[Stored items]
═══
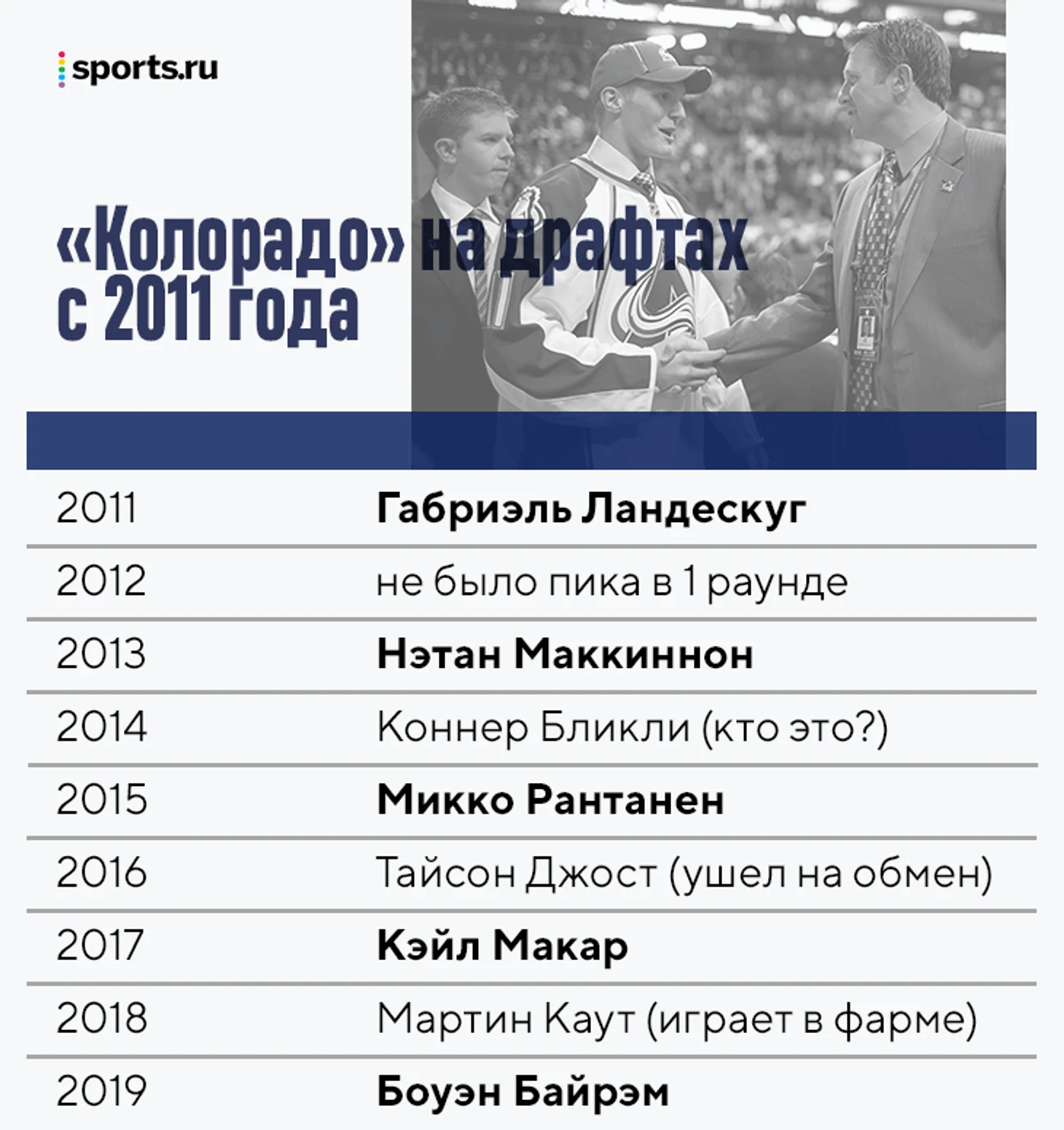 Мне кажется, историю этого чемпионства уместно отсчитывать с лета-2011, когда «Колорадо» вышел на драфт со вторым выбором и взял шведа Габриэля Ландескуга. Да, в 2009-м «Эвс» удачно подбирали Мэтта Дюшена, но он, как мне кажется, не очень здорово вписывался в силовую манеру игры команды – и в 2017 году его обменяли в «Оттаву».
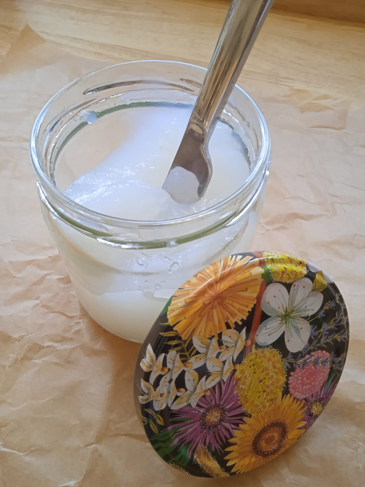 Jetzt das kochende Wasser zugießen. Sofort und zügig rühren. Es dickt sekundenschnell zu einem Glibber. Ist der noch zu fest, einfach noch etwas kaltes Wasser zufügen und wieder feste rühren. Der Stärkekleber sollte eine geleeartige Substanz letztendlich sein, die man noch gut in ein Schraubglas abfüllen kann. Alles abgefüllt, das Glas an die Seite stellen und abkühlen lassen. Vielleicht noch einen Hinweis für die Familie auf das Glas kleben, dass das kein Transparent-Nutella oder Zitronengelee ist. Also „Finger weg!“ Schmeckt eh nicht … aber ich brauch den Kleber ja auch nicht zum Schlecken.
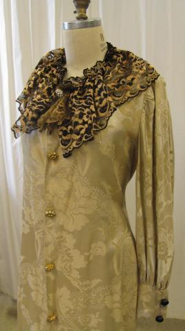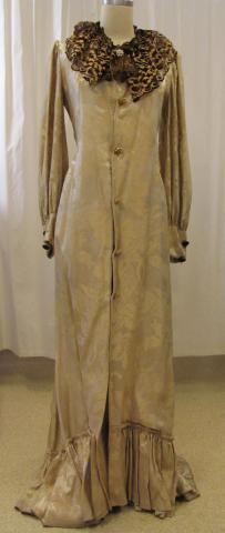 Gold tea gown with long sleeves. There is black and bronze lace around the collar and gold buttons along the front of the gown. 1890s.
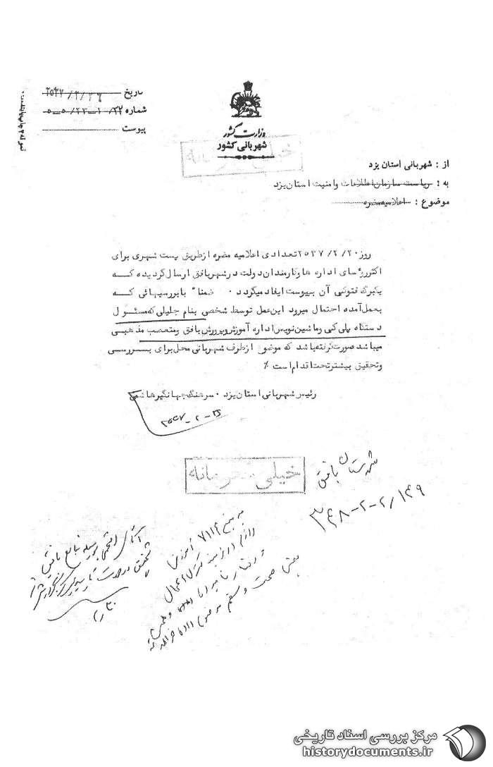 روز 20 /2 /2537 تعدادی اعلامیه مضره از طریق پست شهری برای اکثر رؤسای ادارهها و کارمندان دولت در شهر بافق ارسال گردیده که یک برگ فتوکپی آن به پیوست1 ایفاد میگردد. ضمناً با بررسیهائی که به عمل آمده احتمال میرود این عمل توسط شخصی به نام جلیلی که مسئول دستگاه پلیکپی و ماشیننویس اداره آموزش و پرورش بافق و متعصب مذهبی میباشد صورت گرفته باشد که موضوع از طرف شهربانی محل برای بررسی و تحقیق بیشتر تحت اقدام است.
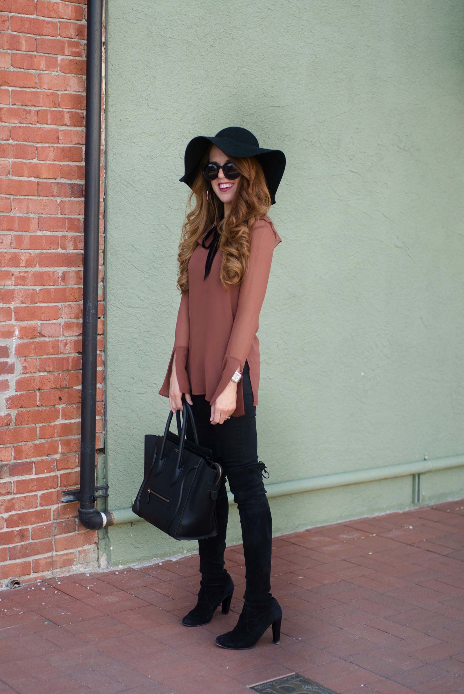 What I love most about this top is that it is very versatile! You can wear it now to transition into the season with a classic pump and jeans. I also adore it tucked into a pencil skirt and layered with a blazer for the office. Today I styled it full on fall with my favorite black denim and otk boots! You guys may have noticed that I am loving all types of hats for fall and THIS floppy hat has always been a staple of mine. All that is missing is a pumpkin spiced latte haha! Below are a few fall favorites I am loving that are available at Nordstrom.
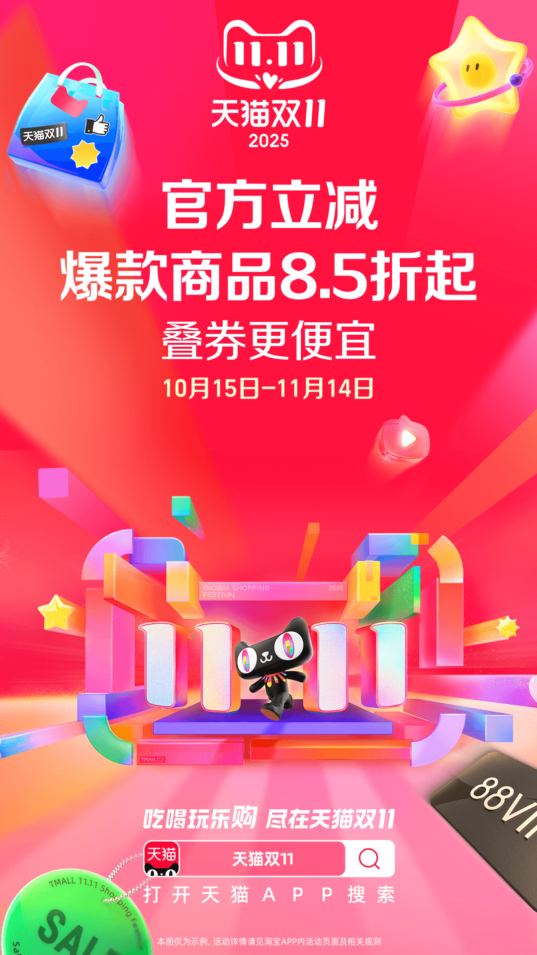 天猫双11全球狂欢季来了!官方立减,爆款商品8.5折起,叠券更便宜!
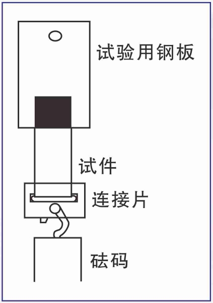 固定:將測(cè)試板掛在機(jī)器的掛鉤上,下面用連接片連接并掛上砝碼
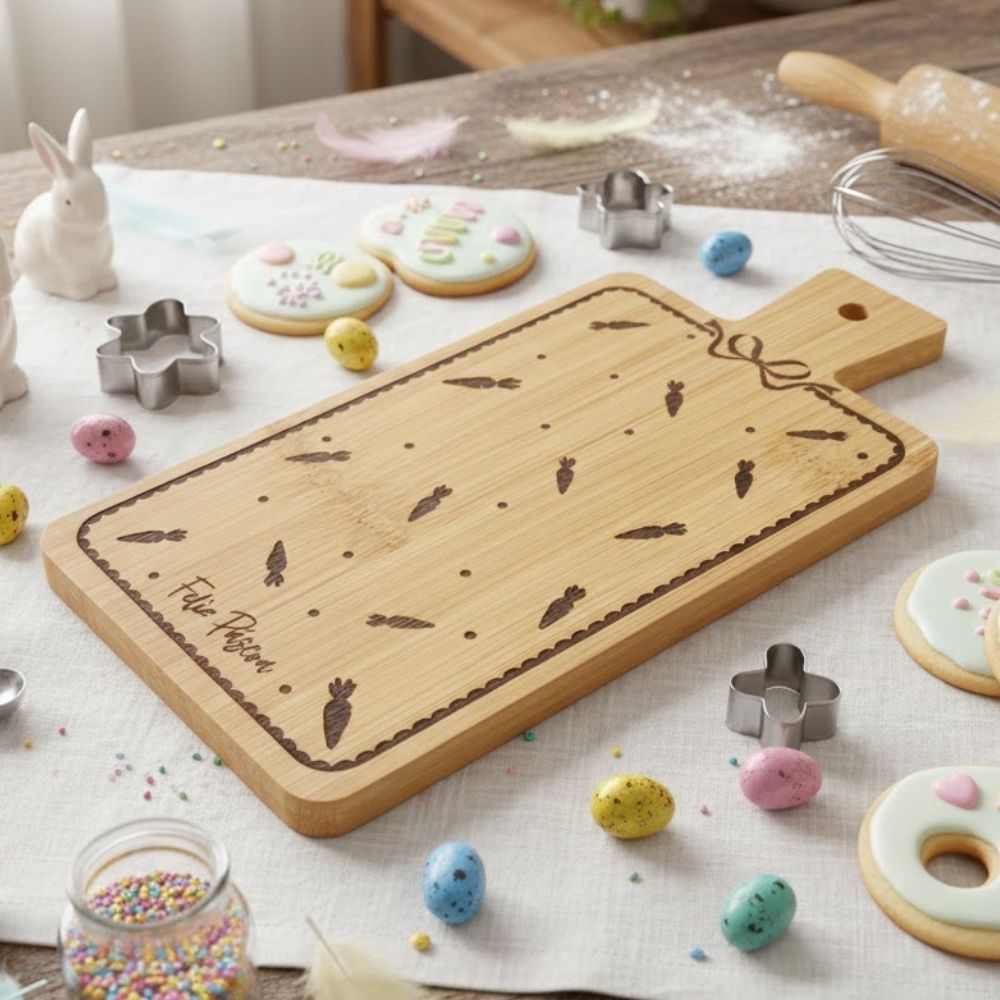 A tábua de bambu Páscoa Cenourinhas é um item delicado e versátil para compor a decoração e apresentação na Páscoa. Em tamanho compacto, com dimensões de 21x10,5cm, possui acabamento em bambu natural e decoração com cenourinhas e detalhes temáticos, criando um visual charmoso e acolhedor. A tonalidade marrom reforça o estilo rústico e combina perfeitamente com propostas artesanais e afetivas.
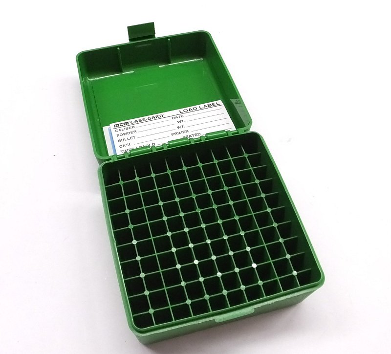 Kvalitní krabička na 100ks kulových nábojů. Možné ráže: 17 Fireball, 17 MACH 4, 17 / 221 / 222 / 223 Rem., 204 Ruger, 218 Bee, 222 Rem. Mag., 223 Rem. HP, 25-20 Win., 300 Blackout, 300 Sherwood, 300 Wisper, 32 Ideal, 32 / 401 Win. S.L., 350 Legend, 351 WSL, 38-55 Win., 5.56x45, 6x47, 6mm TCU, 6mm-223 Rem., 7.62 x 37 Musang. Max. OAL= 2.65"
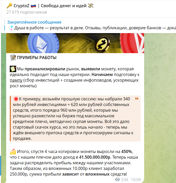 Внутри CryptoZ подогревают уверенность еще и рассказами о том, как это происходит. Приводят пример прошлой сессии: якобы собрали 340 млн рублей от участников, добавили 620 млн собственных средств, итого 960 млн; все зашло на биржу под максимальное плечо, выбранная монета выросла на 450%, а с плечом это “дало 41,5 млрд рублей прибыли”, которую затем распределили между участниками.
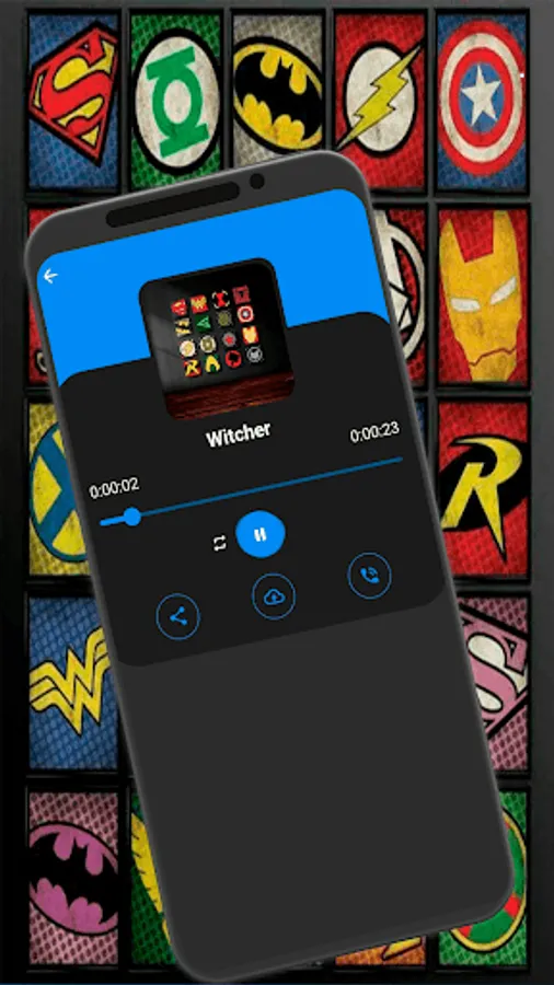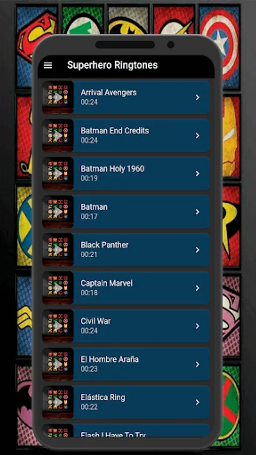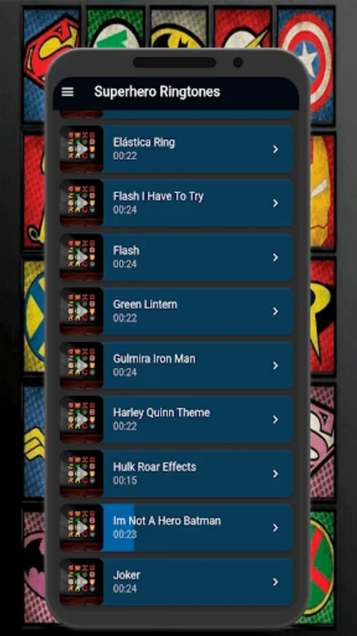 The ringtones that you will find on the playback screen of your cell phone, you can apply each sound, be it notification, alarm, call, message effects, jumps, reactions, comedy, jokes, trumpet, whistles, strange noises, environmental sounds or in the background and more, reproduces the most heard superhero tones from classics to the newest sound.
═══
● The task
Leaving out the pictures, return exactly the lines from the one that contains "天猫双11全球狂欢季来了!官方立减,爆款商品8.5折起,叠券更便宜!" through the last line of the records above, inclusive.

● Result below
 天猫双11全球狂欢季来了!官方立减,爆款商品8.5折起,叠券更便宜!
 固定:將測(cè)試板掛在機(jī)器的掛鉤上,下面用連接片連接并掛上砝碼
 A tábua de bambu Páscoa Cenourinhas é um item delicado e versátil para compor a decoração e apresentação na Páscoa. Em tamanho compacto, com dimensões de 21x10,5cm, possui acabamento em bambu natural e decoração com cenourinhas e detalhes temáticos, criando um visual charmoso e acolhedor. A tonalidade marrom reforça o estilo rústico e combina perfeitamente com propostas artesanais e afetivas.
 Kvalitní krabička na 100ks kulových nábojů. Možné ráže: 17 Fireball, 17 MACH 4, 17 / 221 / 222 / 223 Rem., 204 Ruger, 218 Bee, 222 Rem. Mag., 223 Rem. HP, 25-20 Win., 300 Blackout, 300 Sherwood, 300 Wisper, 32 Ideal, 32 / 401 Win. S.L., 350 Legend, 351 WSL, 38-55 Win., 5.56x45, 6x47, 6mm TCU, 6mm-223 Rem., 7.62 x 37 Musang. Max. OAL= 2.65"
 Внутри CryptoZ подогревают уверенность еще и рассказами о том, как это происходит. Приводят пример прошлой сессии: якобы собрали 340 млн рублей от участников, добавили 620 млн собственных средств, итого 960 млн; все зашло на биржу под максимальное плечо, выбранная монета выросла на 450%, а с плечом это “дало 41,5 млрд рублей прибыли”, которую затем распределили между участниками.
 The ringtones that you will find on the playback screen of your cell phone, you can apply each sound, be it notification, alarm, call, message effects, jumps, reactions, comedy, jokes, trumpet, whistles, strange noises, environmental sounds or in the background and more, reproduces the most heard superhero tones from classics to the newest sound.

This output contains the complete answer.